Data extracts below:

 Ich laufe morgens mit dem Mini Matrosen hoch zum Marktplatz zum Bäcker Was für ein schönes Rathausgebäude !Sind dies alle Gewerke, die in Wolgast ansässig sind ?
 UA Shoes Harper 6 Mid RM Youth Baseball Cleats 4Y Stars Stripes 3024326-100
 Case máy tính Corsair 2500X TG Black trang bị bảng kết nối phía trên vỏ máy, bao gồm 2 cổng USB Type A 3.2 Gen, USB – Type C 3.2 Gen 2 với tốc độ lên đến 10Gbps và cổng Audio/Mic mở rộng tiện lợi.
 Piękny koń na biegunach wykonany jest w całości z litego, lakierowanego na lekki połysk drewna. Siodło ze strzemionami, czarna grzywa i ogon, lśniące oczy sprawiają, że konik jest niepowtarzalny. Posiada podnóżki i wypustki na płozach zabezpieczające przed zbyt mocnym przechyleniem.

End of Data extracts.
Data extracts below:

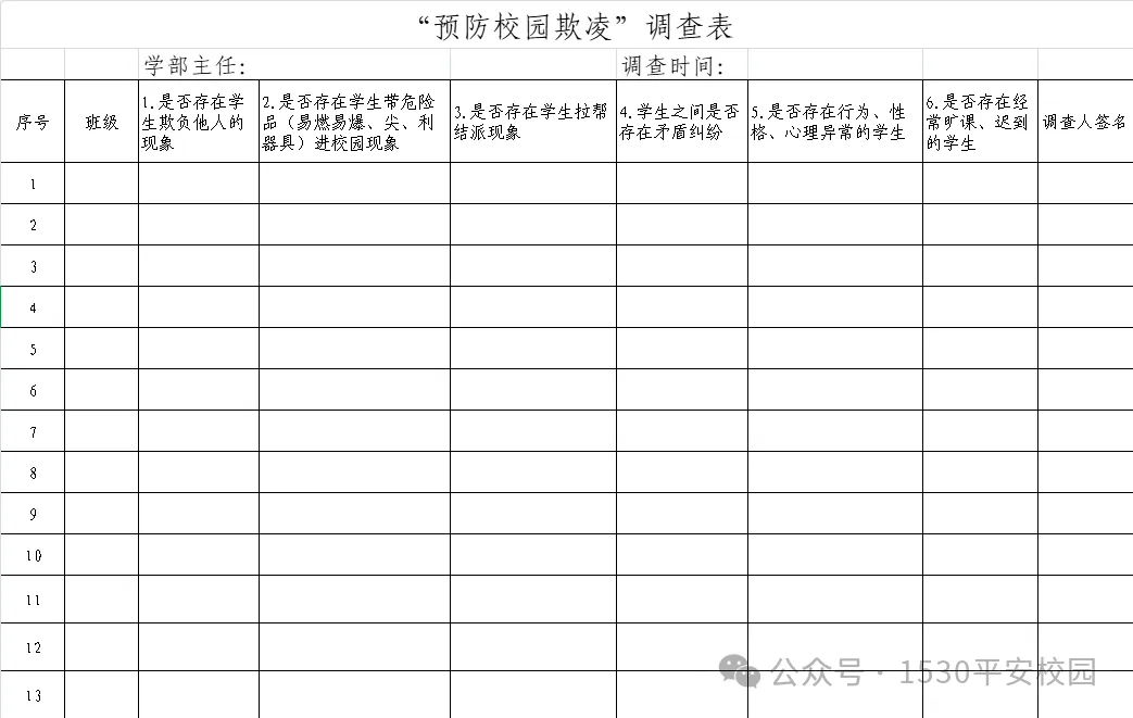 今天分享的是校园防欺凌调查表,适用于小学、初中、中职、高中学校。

End of Data extracts.

**Task prompt**
For this exercise, repeat exactly the lines of the data above from the one with "UA Shoes Harper" down to the one with "Case máy tính", both end lines included.

**Answer for this exercise**
 UA Shoes Harper 6 Mid RM Youth Baseball Cleats 4Y Stars Stripes 3024326-100
 Case máy tính Corsair 2500X TG Black trang bị bảng kết nối phía trên vỏ máy, bao gồm 2 cổng USB Type A 3.2 Gen, USB – Type C 3.2 Gen 2 với tốc độ lên đến 10Gbps và cổng Audio/Mic mở rộng tiện lợi.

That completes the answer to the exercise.